October 2nd, 2009 by Cassiano Travareli

Homeowners avoid foreclosed houses but redefault, according to the U.S. Office of the Comptroller of the Currency and the U.S. Office of Thrift Supervision.

Based on data from the federal agencies, more than half of homeowners who had their mortgages modified in the first 6 months of 2008 had redefaulted within a year from date of loan modification.

The data showed that the level of monthly home loan payment reduction had significant impact on the rate of redefault.

About 1 in 3 mortgage borrowers whose monthly loan payments were lowered by at least 20 percent had redefaulted within 12 months. This ratio was far lower than the big percentage of redefaults in mortgages which were not modified substantially. Over 60 percent of homeowners whose monthly loan payments increased or remained unchanged redefaulted within 12 months.
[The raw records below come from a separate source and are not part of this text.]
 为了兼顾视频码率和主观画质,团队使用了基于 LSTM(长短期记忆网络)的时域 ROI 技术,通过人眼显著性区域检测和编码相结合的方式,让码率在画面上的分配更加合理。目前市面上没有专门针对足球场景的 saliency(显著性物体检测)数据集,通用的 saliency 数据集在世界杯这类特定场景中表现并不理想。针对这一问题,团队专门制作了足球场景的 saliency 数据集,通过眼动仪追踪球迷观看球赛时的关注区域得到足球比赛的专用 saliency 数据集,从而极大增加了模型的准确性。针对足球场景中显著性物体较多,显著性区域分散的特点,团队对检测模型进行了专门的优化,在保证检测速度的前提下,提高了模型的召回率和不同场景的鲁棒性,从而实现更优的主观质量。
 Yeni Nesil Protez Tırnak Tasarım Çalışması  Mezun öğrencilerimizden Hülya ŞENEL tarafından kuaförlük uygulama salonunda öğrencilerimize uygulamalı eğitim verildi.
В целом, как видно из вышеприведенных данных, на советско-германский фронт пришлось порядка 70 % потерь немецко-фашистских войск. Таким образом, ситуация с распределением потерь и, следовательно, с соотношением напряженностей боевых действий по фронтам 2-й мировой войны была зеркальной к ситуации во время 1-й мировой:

These high rates of redefaults have prompted housing advocates and other critics of the Obama administration to say that the loan modification program is a waste of billions in taxpayer money because it is not able to help Americans avoid foreclosed houses.
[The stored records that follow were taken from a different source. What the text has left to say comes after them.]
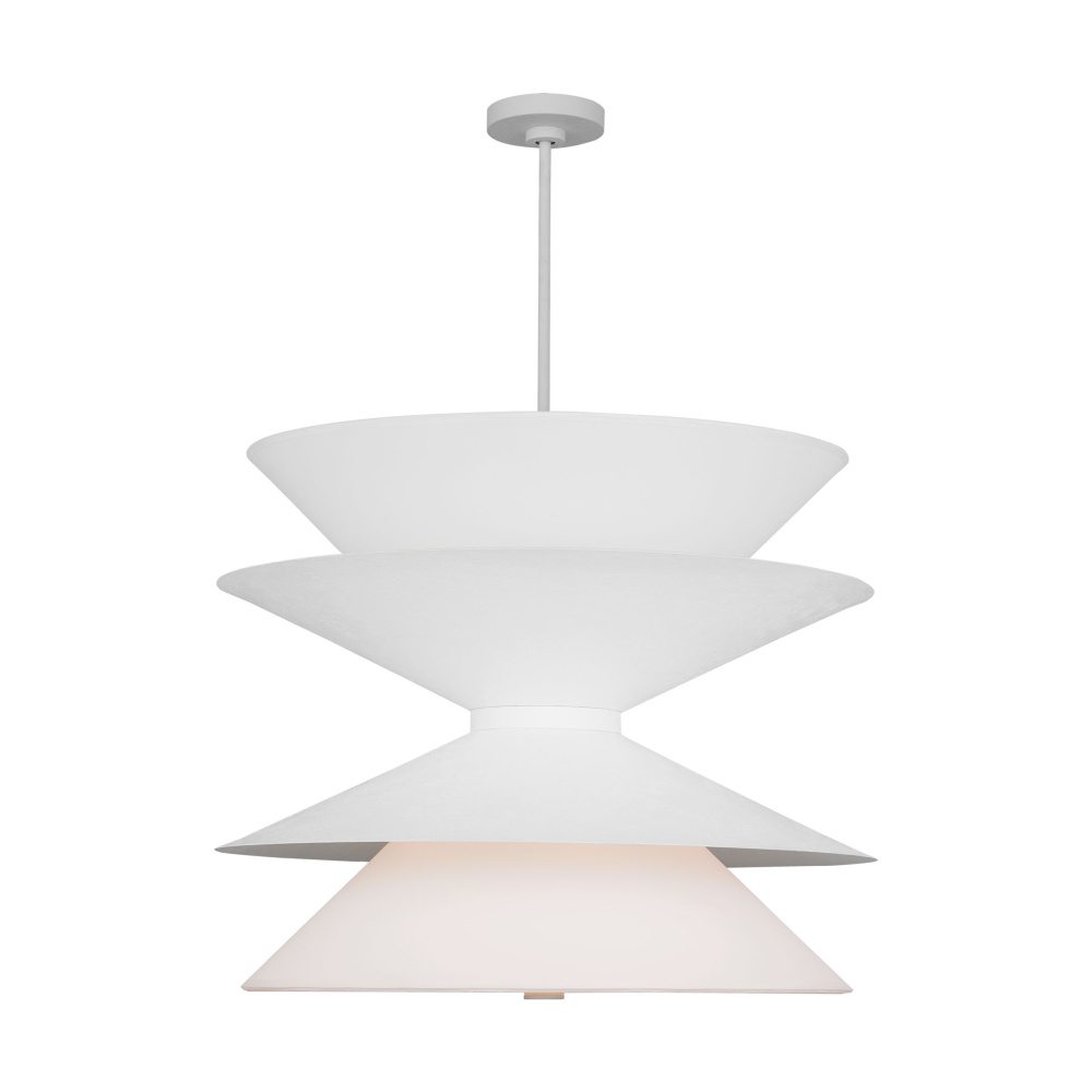 Chambord is comprised of layers of aluminum in varying sizes that direct the light down through a silk screen diffusor
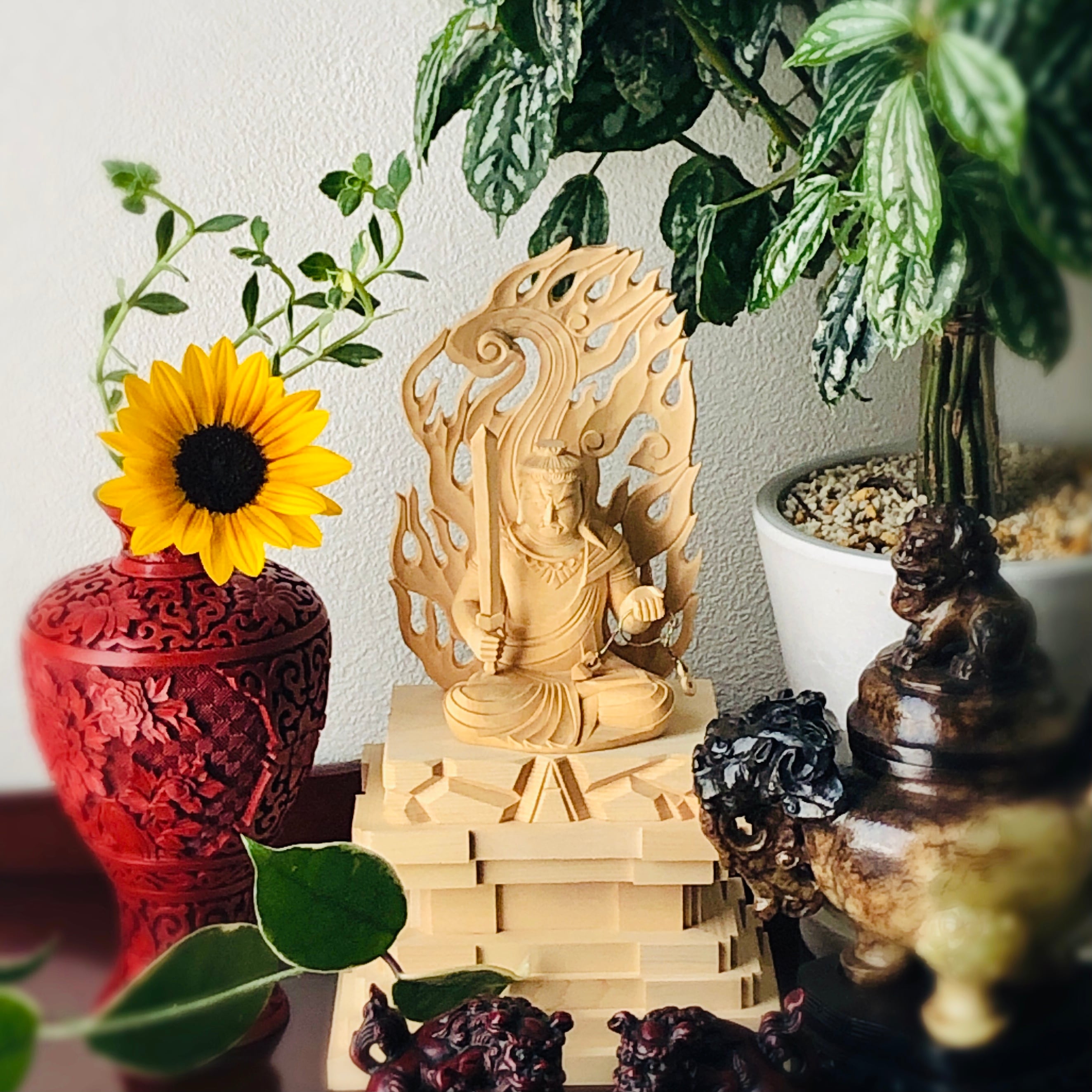 総檜(ひのき)手彫り十二支守り本尊の不動明王。
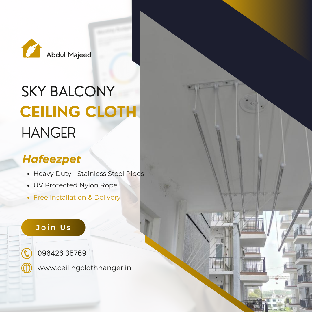Ceiling Cloth Hanger in Hafeezpet, Hyderabad is a modern, space-saving solution for drying clothes efficiently in homes and apartments. Our ceiling-m…
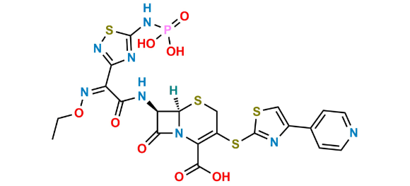 Nome Químico: (6R,7R)-7-((Z)-2-(ethoxyimino)-2-(5-(phosphonoamino)-1,2,4-thiadiazol-3-yl)acetamido)-8-oxo-3-((4-(pyridin-4-yl)thiazol-2-yl)thio)-5-thia-1-azabicyclo[4.2.0]oct-2-ene-2-carboxylic acid

Federal officials however argued that the foreclosure crisis could have plunged the country into worse conditions if the Home Affordable Modification Program was not crafted and implemented.

The Obama administration is now putting further pressure on lenders to make substantive changes in the way they modify loans so that monthly home loan payments become affordable. Officials have been encouraging lenders to reduce interest rates to as low as two percent.

As of August, the Obama foreclosure prevention program has put approximately 360,000 troubled homeowners into a 3-month trial period under the loan modification scheme. If the homeowners are able to sustain their monthly payments for three months, lenders would extend the payment of lower monthly payments to 5 years.

In the past months, most lenders modified home loans just to enable troubled homeowners to make their accounts current. This strategy increased monthly payments for a lot of hopeful borrowers who were expecting substantially lowered monthly payments.

After federal agencies put more pressure on lenders and servicers, especially those which have received billions in bailout funds from the government, lenders shifted their modification strategy to reduce monthly loan payments.

These reduced monthly loan payments accounted for almost 80 percent of all new loan modifications in the second quarter of this year. This significant increase from the percentage in the first quarter is expected to help more homeowners avoid foreclosed houses.